Users specify assets and price limits and share account and duration to control order execution.

4- Software requests

Automated trading operations based on specific conditions (e.g. price triggers).

Useful for complex strategies, decentralized autonomous organizations, and protocol-level transactions.

5- Milkman Requests

Designed by Yearn Finance in collaboration with CoW Protocol, Milkman orders are based on real-time pricing rather than fixed prices.

Milkman orders can be executed at the fair market price even if orders are significantly delayed.

Useful for trading for decentralized autonomous organizations and governance-based trading operations.

6- CoW hooks

CoW hooks allow users to perform custom actions before or after trades, such as moving funds, storing, or claiming rewards.

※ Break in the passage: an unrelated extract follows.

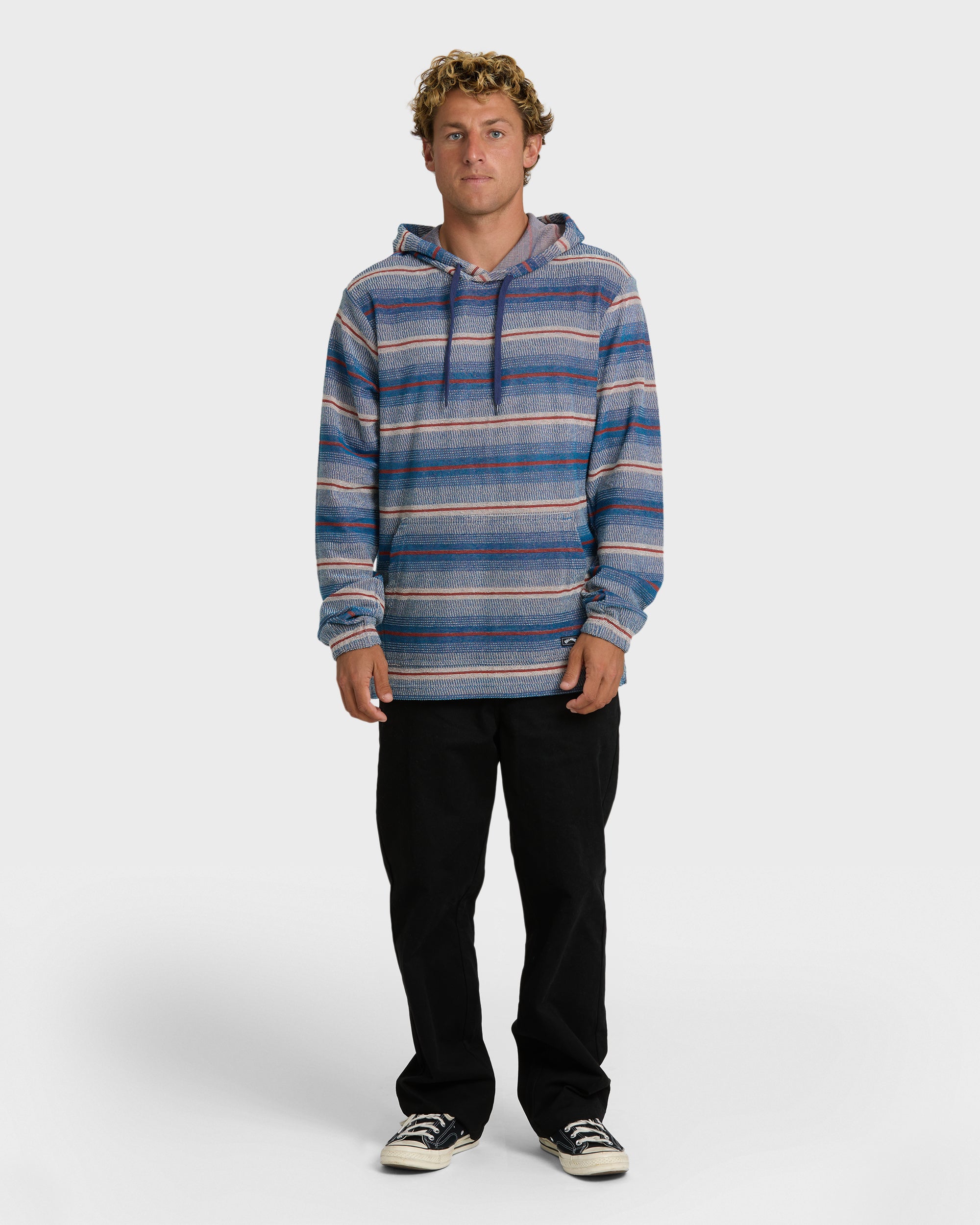 Cozy up in our Flecker Diego Hoodie in Dark Denim. This regular fit cotton hoodie features a convenient kangaroo pocket for your essentials and side seam vents for breathable comfort. Simple striped styling with minimal branding makes this the perfect everyday layer.

CoW hooks execute a set of actions as a single transaction, allowing users to pair any Ethereum-related action with their CoW requests.

Developers and traders can express their intentions.

Maximum extractable value blocker

Developed by the CoW decentralized autonomous organization, Beaver Builder, and the Gnosis decentralized autonomous organization, the Maximum Extractable Value Blocker protects users from preemptive transactions and insider attacks. It sends transactions to a secure network, avoiding public pools that attract bots.

Preemptive trading occurs when bots detect a large transaction in the queue and place their orders ahead of it, taking advantage of the anticipated price change. This often leaves the original trader with a worse price.

Following trades occur when bots place trades immediately after a major trade, so that they can benefit from the price shifts left by the original trade. This is less harmful because it does not affect the original trader’s price.

Insider attacks are a combination of the two, where the bot places a trade before and after the user's transaction, inflating the price and making a profit at the user's expense.

These methods exploit the transparent nature of blockchain networks, but can be combated with tools like the CoW protocol's Maximum Extractable Value Blocker.

With the Max MVP blocker, users can also earn up to 90% off the next trades generated from their own transactions. This tool is faster than standard trades and offers users transparency and real-time tracking. Many Web3 wallets, such as Uniswap and Trust Wallet, have integrated Max MVP into their wallets for safer and more efficient trading.

CoW Protocol Automated Market Maker

Loss vs. Rebalancing Problem

Liquidity providers often lose because most automated market makers do not adapt quickly enough to match the latest prices on major trading platforms, leaving outdated prices for arbitrage traders to exploit. This is known as “loss versus rebalancing” (LVR) and is a problem that reduces liquidity providers’ profits.

To solve the “loss vs. rebalancing” problem, the CoW protocol’s automated market maker uses a new mechanism known as Function Maximization Automated Market Maker (FM-AMM). This mechanism groups trades into batches and sets a single clearing price for each batch, ensuring that trades occur at a fair and up-to-date price.

COW Token

The COW token is central to the CoW protocol, acting as a governance token that allows contributors to participate in decision-making for the growth and changes of the protocol. This governance system is designed to align the interests of users, developers, and supporters, and promote a community-driven approach.

Closing thoughts

The CoW decentralized autonomous organization offers innovative solutions to protect Ethereum users from manipulation, ensure better trading, liquidity protection, and decentralized governance. Through the CoW protocol, the maximum extractable value blocker, and the CoW protocol’s automated market maker, users can enjoy lower fees, less risk, and greater control over transactions.